Virabhadrasana 2 – yoga pose , increasing endurance; usually performed sequentially after Virabhadrasana 1 . There are several variations (Virabhadrasana 1, Virabhadrasana 2, Virabhadrasana 3 ) differing in intensity.
Execution Technique
Step 1:
Stand in Tadasana (Mountain Pose). Exhale and step or jump your feet 120-130 cm apart. Raise your arms and spread them out to the sides parallel to the floor, palms facing down.
Step 2:
Turn your right foot 90 degrees to the right, and turn your left foot to the right by 45-60 degrees. Align your heels: they should be on the same line.
Step 3:
Exhale and bend your right knee so that your right shin is perpendicular to the floor. Your right thigh should be parallel to the floor. Thus, the angle between the thigh and shin of your right leg should be 90 degrees. Keep your left leg strong and press your heel to the floor.
Step 4:
Strongly stretch your arms from the shoulder blades to the sides, expanding your chest. Keep your arms parallel to the floor. Do not lean your body forward: strongly stretch upwards with your torso, evenly stretching your sides. The center of gravity should be in the center of the pose – directly above the pelvis. Tuck your tailbone towards your pubis and pull your lower back down. Turn your head to the right and look towards the outstretched fingers.
Step 5:
Stay in the pose for 30 seconds to a minute.
Coming Out of the Pose
Inhale, turn your feet 180 degrees, and, without changing the position of your legs, turn your body to the other side and repeat the asana. Then lower your arms along your body, bring your legs together and return to Tadasana. As a rule, Virabhadrasana 2 is performed in sequence (1, 2, 3).

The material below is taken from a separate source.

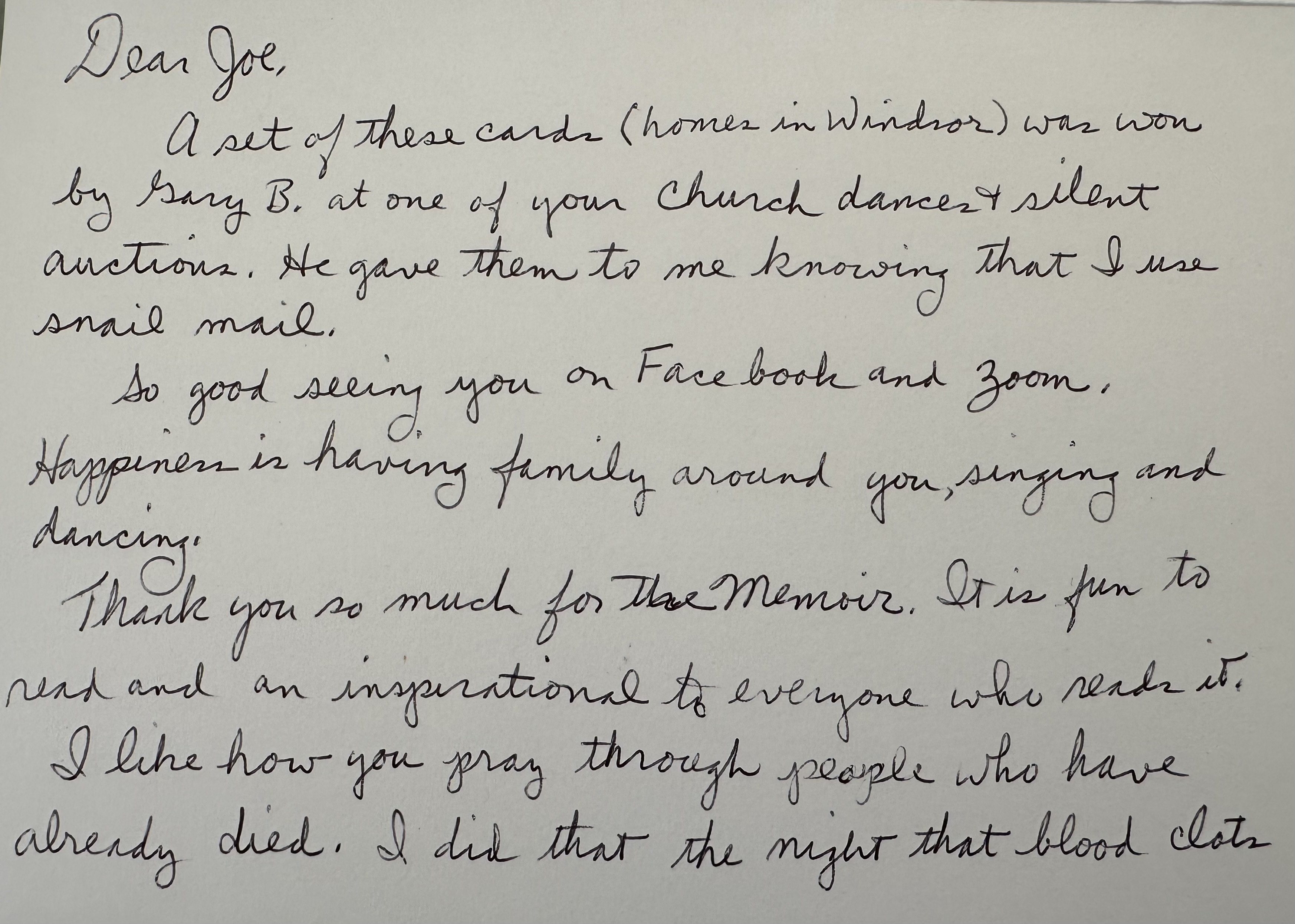 When I started my memoir about three years ago, my vision was a simple document that contained my beliefs with some anecdotes and a few pictures and have it maintained for future generations. However, thanks to an awesome team, we developed a web site that contains photos, documents, DVDs and audios. I decided to share with a broad group of friends and made bound copies and our team distributed the documents. Many replied. See a few of the responses below. I am a bit overwhelmed by the positive responses.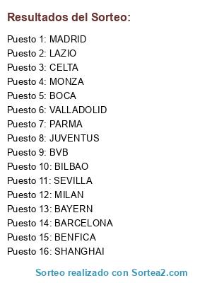 Lista de participantes: JUVENTUS, BVB, VALLADOLID, PARMA, MILAN, MONZA, BENFICA, SHANGHAI, SEVILLA, LAZIO, CELTA, MADRID, BILBAO, BOCA, BAYERN, BARCELONA.

Asana Alignment / Control Points
- strongly stretch both arms to the sides as if they are being stretched in opposite directions;
- when turning your head towards the bent leg, do not turn your body, it should be fixed;
- the feet of both legs are pressed to the floor with their entire area!
Benefits
- strengthens and stretches the legs and ankles;
- stretches and opens the groin and hip joints;
- stretches the chest area, shoulders;
- stimulates abdominal organs;
- increases endurance;
- relieves back pain (especially recommended to perform for these purposes in the second trimester of pregnancy);
- helps relieve carpal tunnel syndrome;
- contributes to the cure of flat feet, infertility, osteoporosis.
Contraindications
- high blood pressure;
- diarrhea;
- with neck problems: do not turn your head. Continue looking straight ahead, while evenly lengthening the sides of your neck.
Preparatory Yoga Exercises
- Baddha Konasana;
- Supta Padangusthasana ;
- Uttthita Trikonasana ;
- Vrksasana.
Deep Practice
To further stretch your arms to the sides and increase their strength, turn your palms and inner elbows towards the ceiling, while continuing to pull your shoulder blades down. Then, maintaining the turn of your arms, turn only your palms to the floor.
Variations
- Simplified Version If you find it difficult to maintain balance when turning your body and simultaneously stretching your spine, perform the asana standing against a wall. Stand at a right angle to the wall and actively lean against the wall with the foot of the leg that should be straightened. Or press against the wall with your entire back surface: heels, hips and back of the head. Perform the asana along the wall.
- Complicated Version In the description above, the shoulders are directly above the pelvis, and the sides of the body are equally long. As an option, you can slightly tilt your torso back from the leg in front, the arms also tilt slightly with the body, but remain strong. This contributes to a greater stretch of the side of the body that is closer to the leg in front. Repeat the variation to the other side.